DATA EXTRACT Block Start

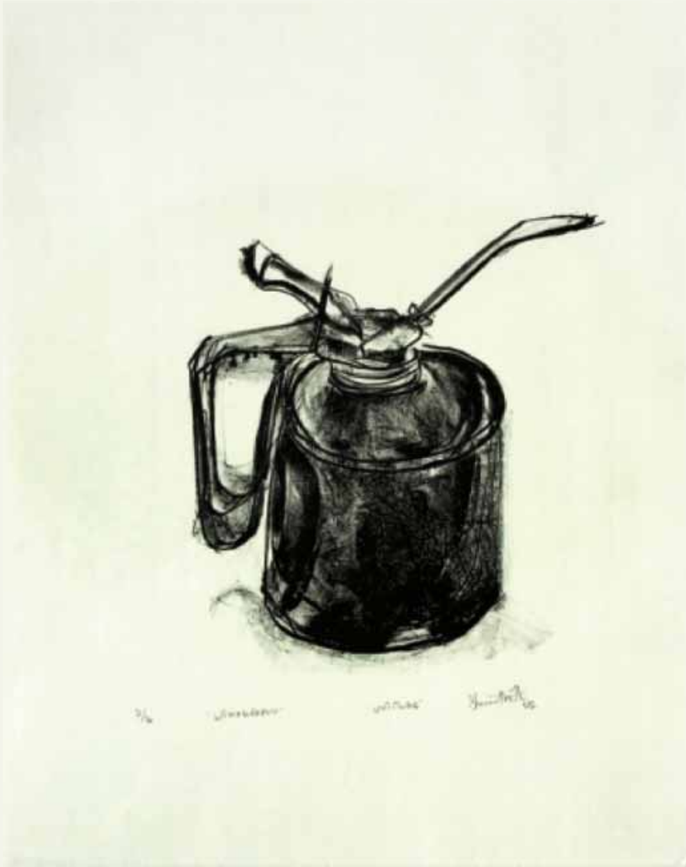
Untitled, 2005, Lithograph, 18" x 16", Edition of 6
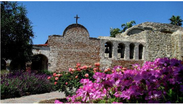
San Juan Capistrano
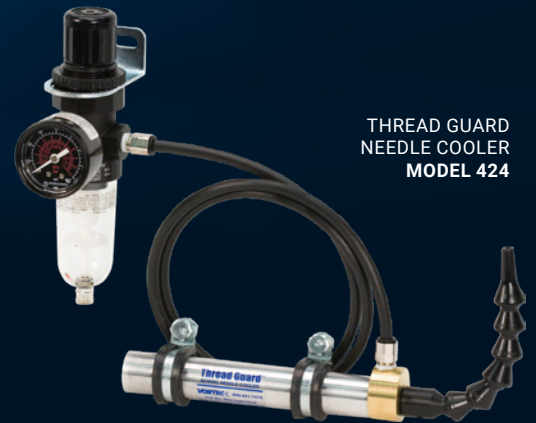
THREAD GUARD NEEDLE COOLER MODEL 424

The air stream is especially effective on difficult sewing surfaces such as belt loops and waist bands; or on tough materials like denim or canvas. Cold air temperature and flow rate are preset to 10°F and 4 SCFM.
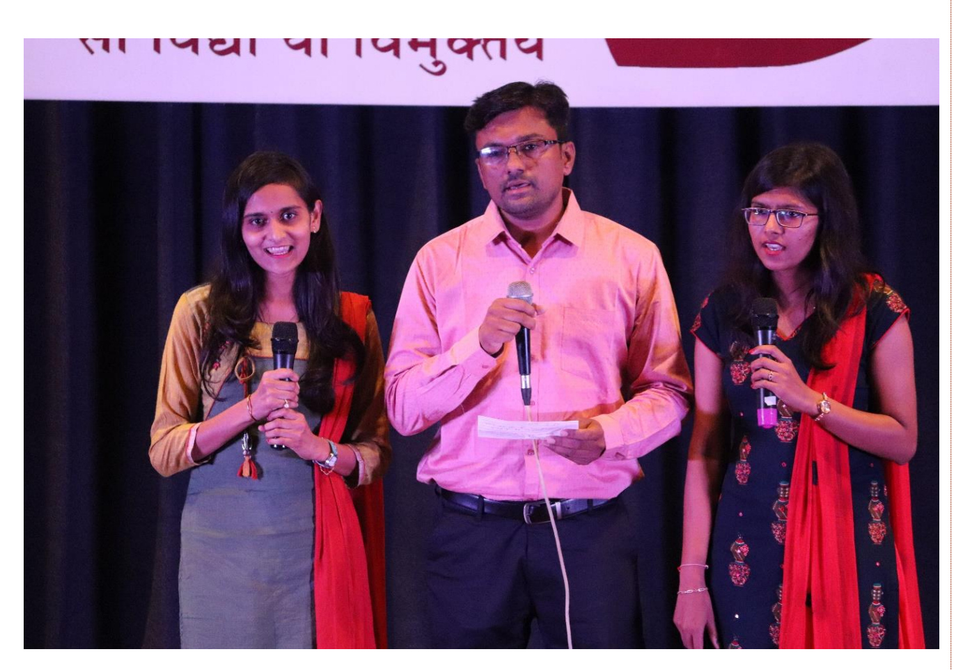
Cultural Programme – Prayer by PGDM (RM-X) Students
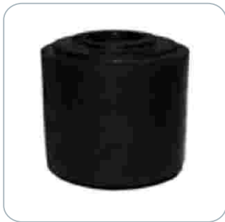
ID - 22 mm (Steel Pipe) OD - 58 mm Length - 57 mm

DATA EXTRACT Block End

■ **PROBLEM REQUIREMENTS**: Return all records above verbatim without their pictures.

■ **REPLY**:
Untitled, 2005, Lithograph, 18" x 16", Edition of 6
San Juan Capistrano
THREAD GUARD NEEDLE COOLER MODEL 424

The air stream is especially effective on difficult sewing surfaces such as belt loops and waist bands; or on tough materials like denim or canvas. Cold air temperature and flow rate are preset to 10°F and 4 SCFM.
Cultural Programme – Prayer by PGDM (RM-X) Students
ID - 22 mm (Steel Pipe) OD - 58 mm Length - 57 mm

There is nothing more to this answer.